Venice Williams of the Friends of Johnsons Park says she hopes the improvements will encourage families –especially kids, to “unplug” their electrical devices and visit the park.
"Back in the day, this is where you went. You came to a park to swing, to play on the monkey bars and to slide. Parks invite residents to come out of isolation, to come past your front door, or your stoop or your porch and to come to the park and gather again and to play," Williams says.
She says her group will host summertime programs at the park including baseball and kite flying. Another central city park targeted for improvement this year, is Moody Park on West Burleigh. Moody will gain a splash pad and play area, in place of a dilapidated indoor pool.
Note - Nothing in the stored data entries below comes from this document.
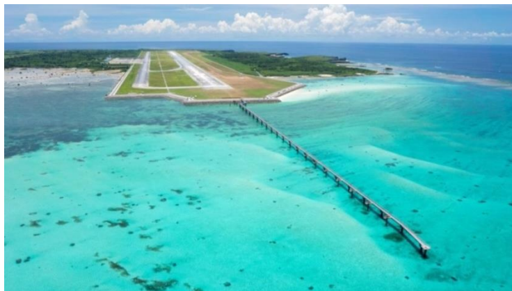
▲滑走路北側から見た下地島空港の様子

美しい自然・文化にあふれる宮古諸島への首都圏からの新たな路線の誕生を記念して、沖縄&宮古島名産品マルシェ、沖縄県名産品のサンプリング配布等、「宮古島に行きたい！」とつい感じてしまうようなコンテンツを用意します。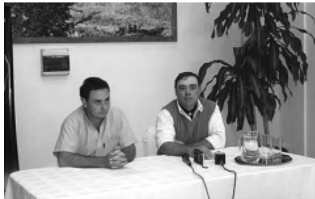
Marcoantonio y Fernández en conferencia de prensa en la SubseTur.

Este domingo 5, en el norte y el centro de la Provincia, habrá dos importantes fiestas criollas con jineteadas y folklore.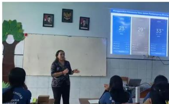
Gambar 3. Fasilitator Menyajikan Contoh Kasus Nyata yang Bersumber Dari Data Lokal Maupun Referensi Ilmiah

Setelah peserta memahami urgensi literasi sains melalui kegiatan sosialisasi, tahapan berikutnya adalah pemaparan materi inti yang disampaikan secara sistematis dan aplikatif. Materi ini dirancang untuk memperkuat pemahaman konseptual peserta mengenai literasi sains, sekaligus menunjukkan relevansinya dalam kehidupan sehari-hari, terutama dalam konteks kesehatan lingkungan. Pemaparan diawali dengan penjelasan mengenai pengertian literasi sains yang mencakup kemampuan memahami konsep-konsep ilmiah, mengevaluasi informasi berbasis data, serta mengomunikasikan temuan atau hasil analisis secara efektif. Konsep ini dikaitkan langsung dengan isu-isu kesehatan lingkungan yang relevan di sekitar sekolah, seperti penanganan limbah medis, sanitasi air bersih, serta paparan polusi udara dari aktivitas transportasi. Untuk memperkuat keterkaitan antara teori dan praktik, fasilitator menyajikan contoh kasus nyata yang bersumber dari data lokal maupun referensi ilmiah (Gambar 3).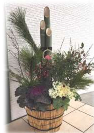
男性ヘルパー手作りの門松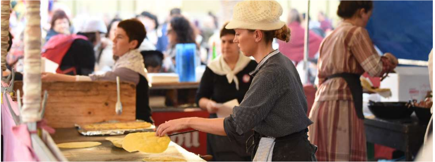
Puesto de talo en Santo Tomás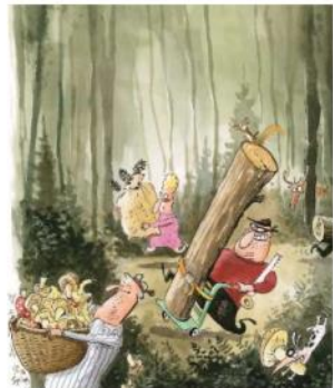
Wir sammeln und pflücken mit Mass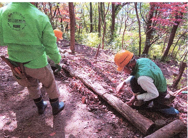
路肩 番線を使って締め付けている所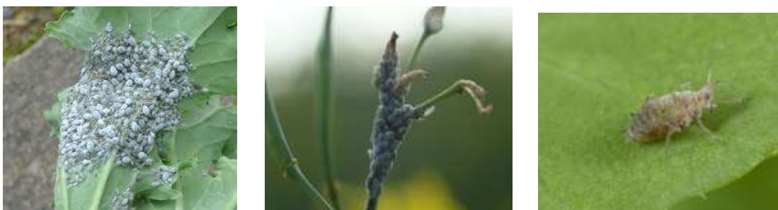
شکل ۱- کلنی شته مومی روی برگ و گل کلزا و حشره کامل شته مومی

تخم ها سیاه و شلغمی، کورنیکولها کوچک و وسط آنها قطور و حدود ۰/۱۶ میلی متر و به رنگ قهوه ای تیره می باشند. شته های ماده بی بال به رنگ سبز روشن تا تیره و بدن آنها از ماده مومی آردمانندی پوشیده شده است. ماده های بالدار کاملاً سبز رنگ و پوشیده از ماده مومی شکل می باشند. سر و سینه آنها خاکستری تیره بوده و لکه های تیره از سر تا روی شکم امتداد دارد (شکل ۱).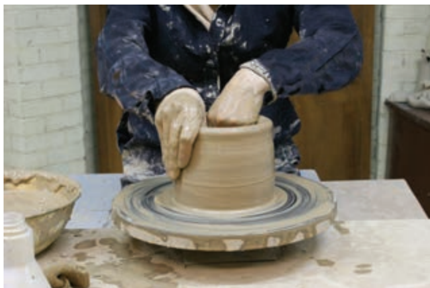
شکل ۸-۴-و - شکل دادن دیواره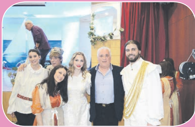
την μυθιστορία του Βιτσέντζου Κορνάρου «Ερωτόκριτος». Η προσέλευση του κόσμου ήταν τόσο μεγάλη με αποτέλεσμα η αίθουσα εκδηλώσεων του Δήμου Αχαρνών να μη μπορεί να ανταποκριθεί στις ανάγκες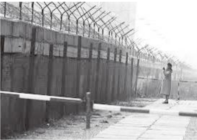
पर्खालको पूर्वी मोहोडा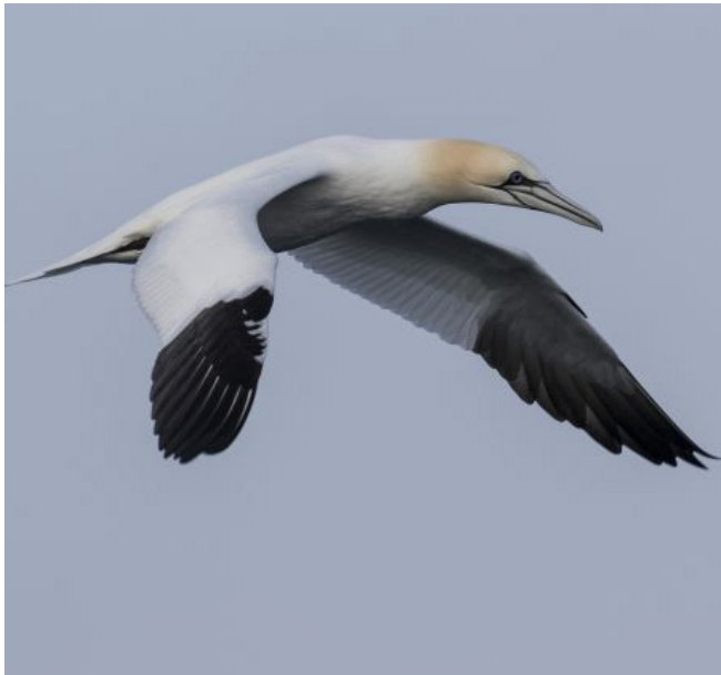
MASCARELL ( Morus bassanus )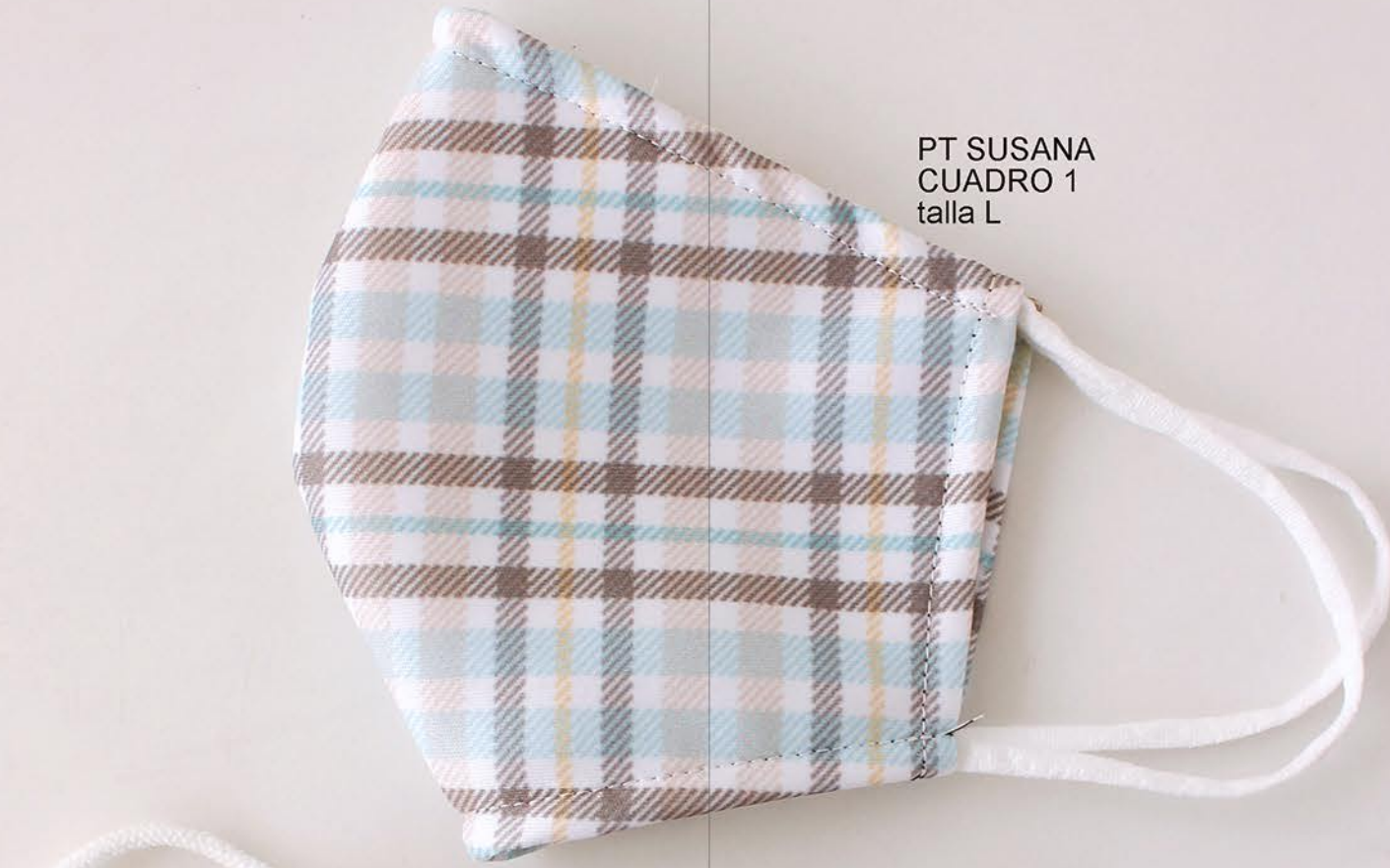
PT SUSANA CUADRO 1 talla L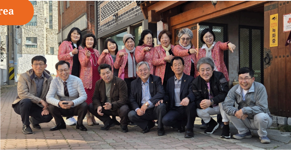
Fejring af enhed og fællesskab: IPRD'er i Korea-området samles i Jeonju IPRD'erne i Korea-området samledes i Jeonju den 21. marts 2025 for at fejre deres fælles rejse og varige fællesskab, som samler RD'erne i 2023/24 og deres ægtefæller for at styrke dybe venskaber og minder alle om, at de bånd, som dannes gennem tjeneste, strækker sig ud over en enkelt periode.

Y's Men International Rue de Lausanne 121 CH-1202 Geneva Switzerland www.ysmen.org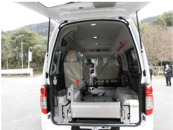
車いす2台分が乗る車内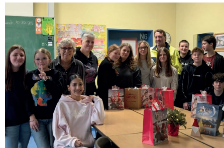
Verkehrswacht und Polizei haben sich bei den Schülerlotsen der Theodor-Heuss Realschule für ihr ehrenamtliches Engagement bedankt.

Kurz vor Weihnachten bedankten sich die VW Oberhausen und die Polizei bei den Schülerlotsen mit einer kleinen Weihnachtsüberraschung für ihren Einsatz. Die Schülerlotsen würden viele Unannehmlichkeiten - wie Regen und Wind sowie früheres Aufstehen - in Kauf nehmen, um für die Sicherheit von Grundschulern zu sorgen.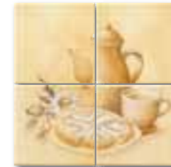
WIT32258 (SET) ○ 52 / set mat | matt

Milwaukee County Executive Chris Abele says he is keenly aware the parks system faces upwards of $300 million dollars in deferred maintenance. Yet he’s excited about this year’s outlay of $14.6 million because it’s most the county has spent on such projects since 2002.
"This capital investment is in the budget. I mean, this isn’t talk. People are going to see this. I can’t tell you how pumped I am for people to see the very visible impact that this is going to make in a way they haven’t seen in a long time," Abele says.
Abele pledges to allocate more money in future budgets until the parks department can catch up with the repairs put off for so long.
The park system’s “fix it” list also includes roadway improvements. That's exciting news for Jim Guolee, president of the Park People, an advocacy group. The KK River Parkway is one of the projects planned for this summer. Crews will replace crumbling asphalt.
Guolee says the improvements will add luster to a park system staggering because of relentless budget cuts and staff reductions.
"In a lot of cases people will walk into a park and they’ll find litter and graffiti and vandalism, that just degrades their value of the park because it’s depressing. If people come into a park and they see a shiny new building and new paint and looking like it should, I think that they would ultimately have greater appreciation for our parks," Guolee says.
While plenty of people are pleased about the planned improvements, Supervisor Gerry Broderick doubts the parks system will ever catch up with needs, as long as it depends on property taxes. Broderick serves on the County Board’s parks committee. He says without a dedicated revenue source to pay for everyday operations and maintenance, conditions in the parks will continue to deteriorate.
"You know we now have one-third of the employees that we had 20 years ago to tend the same 15,000 acres of parkland and I think that in itself speaks to the challenges," Broderick says.
In 2008, Milwaukee County voters supported a referendum calling for a local sales tax hike to fund several services, including parks. State leaders failed to craft the necessary legislation.